Kwek Leng Joo: He was a pillar of quiet efficiency

As the first S.League chairman once told me: "You know your job, so I won't tell you what to do."

It was way back in 1996, when the professional league was launched.

He was the football boss, and I chaired a sub-committee on media and marketing for the Goal 2010 project which worked in tandem with the S.League.

The photo buff also once told an award-winning photographer: "I have better equipment than you, but you take better pictures."

Even as the head honcho of the S.League, he went around taking pictures, especially of nature, with sophisticated equipment.

But he admired the pictures taken by Jerry Seh, who first worked for The New Nation before moving on to The Straits Times.

Call it humility. Or modesty. Or even plain submission.

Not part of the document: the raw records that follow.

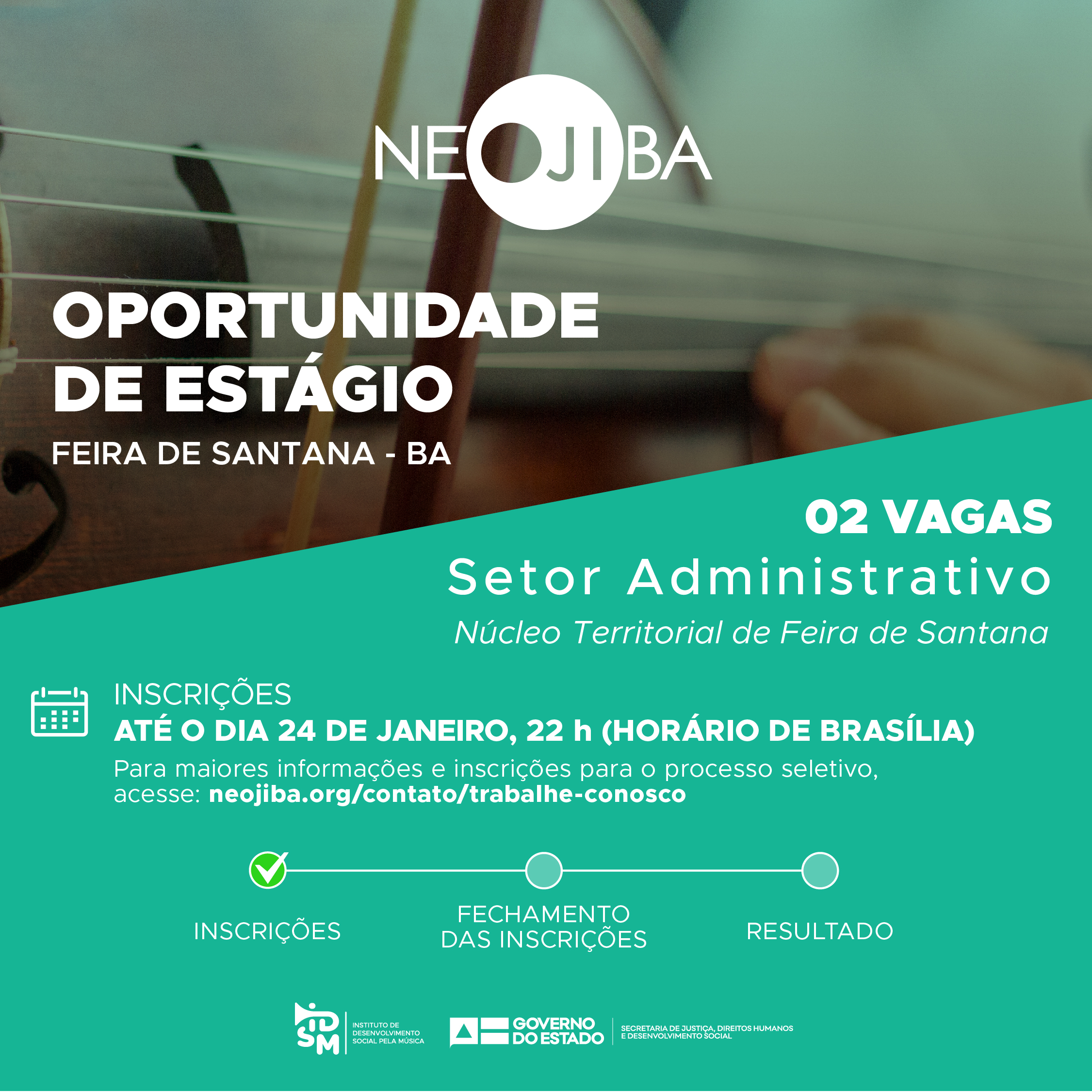 O Instituto de Desenvolvimento Social pela Música (IDSM), Organização Social que faz a gestão do PROGRAMA NEOJIBA (Núcleos Estaduais Juvenis e Infantis da Bahia), no uso de suas atribuições legais, torna pública a realização do Processo Seletivo Simplificado para contratação de 02 estagiários para atuar no setor Pedagógico do programa, no NTN de Feira de Santana.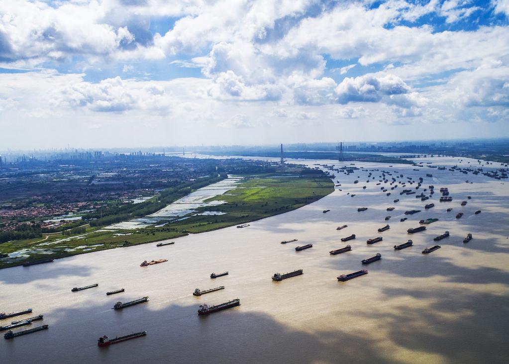 這是2018年8月13日通過無人機(jī)拍攝的船舶在湖北省武漢市陽邏港區(qū)水域行駛。(新華社記者 肖藝九 攝)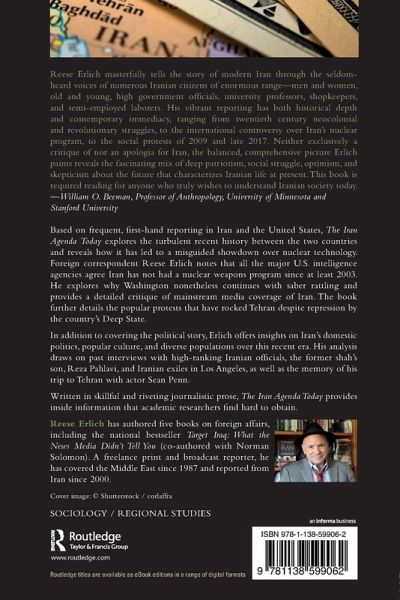 Based on frequent, first-hand reporting in Iran and the United States, The Iran Agenda Today explores the turbulent recent history between the two countries and reveals how it has led to a misguided showdown over nuclear technology. Foreign correspondent Reese Erlich notes that all the major U.S. intelligence agencies agree Iran has not had a nuclear weapons program since at least 2003. He explores why Washington nonetheless continues with saber rattling and provides a detailed critique of mainstream media coverage of Iran. The book further details the popular protests that have rocked Tehran despite repression by the country's Deep State. In addition to covering the political story, Erlich offers insights on Iran's domestic politics, popular culture, and diverse populations over this recent era. His analysis draws on past interviews with high-ranking Iranian officials, the former shah's son, Reza Pahlavi, and Iranian exiles in Los Angeles, as well as the memory of his trip to Tehran with actor Sean Penn. Written in skillful and riveting journalistic prose, The Iran Agenda Today provides inside information that academic researchers find hard to obtain.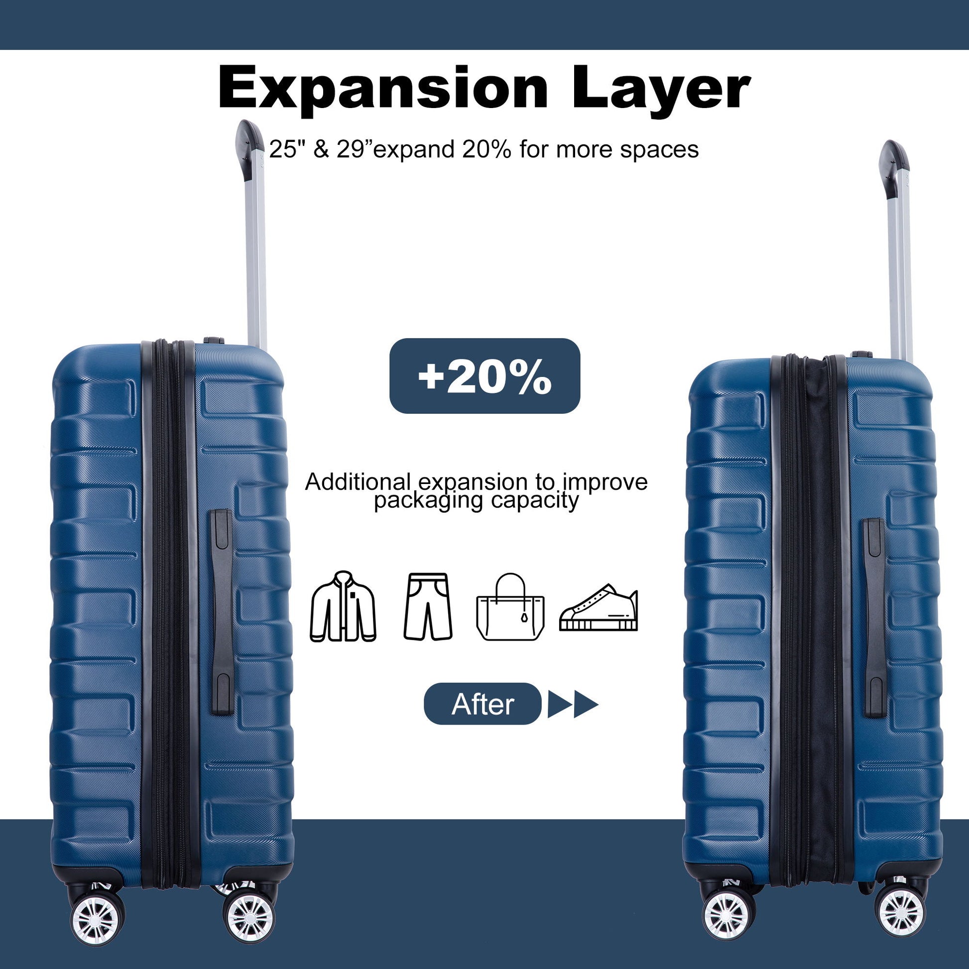 Luggage Set Of 5 Pieces, Expandable Hard Pc Luggage Set With Tsa Lock For Rotating Wheels, Lightweight Rolling Luggage - Dark Blue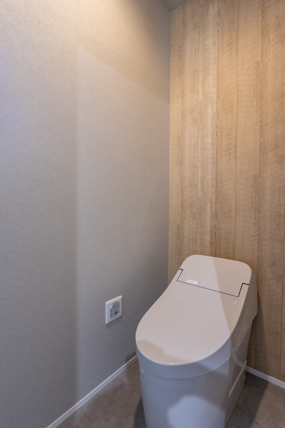 トイレは水まわり全体の動線を考慮した位置に配置し、使いやすさを向上させました。設備を一新し、清掃性にも配慮。コンパクトながらも圧迫感のない、落ち着いたトイレ空間に仕上げています。

They're apt adjectives that describe Kwek Leng Joo, who died yesterday in his sleep, aged 62.

The deputy chairman and executive director of property giant City Developments Limited was a high-flying businessman, but he always had his feet on the ground.

And sports, namely football and bowling, benefited from his mere presence, good advice and welcome benevolence.

The mid-Nineties were a difficult period for local football, especially because Singapore had left the Malaysia Cup, a historic inter-state competition that was inaugurated in 1921.

And when approached by then-Minister and Football Association of Singapore president Mah Bow Tan to take charge of the S.League, a fully-professional tournament, Kwek agreed to do "national service".

He got things moving swiftly, naming a team of fully committed officials who helped him with the difficult task.

And Kwek - although he preferred a low profile when it came to publicity - led from the front.

He set things in motion, worked hard to secure sponsorship and put in order a professional league that was a big hit in the inaugural years.

His deputy, Patrick Ang, who gave up his position as Geylang International chairman, said: "I was shocked to hear of Kwek's passing.

"He was a gentleman, a true friend who, when given a task, ensured that he discharged his duties to the best of his ability.

"Then, we had little problem getting sponsorship for he had clout, and was a recognised face.

"I remember him staying up for meetings even past midnight to secure business deals.

"He was a highly respected figure. And the good thing about him was that he allowed the best people in particular jobs to decide on what to do.

"He seldom interfered and was always a good role model."

Football aside, Kwek helped local bowling during a period in the mid-Eighties when the sport ran into financial problems.

Few people knew about this.

That was Kwek. An effective, relatively quiet, affable leader, who preferred to work in the shadows.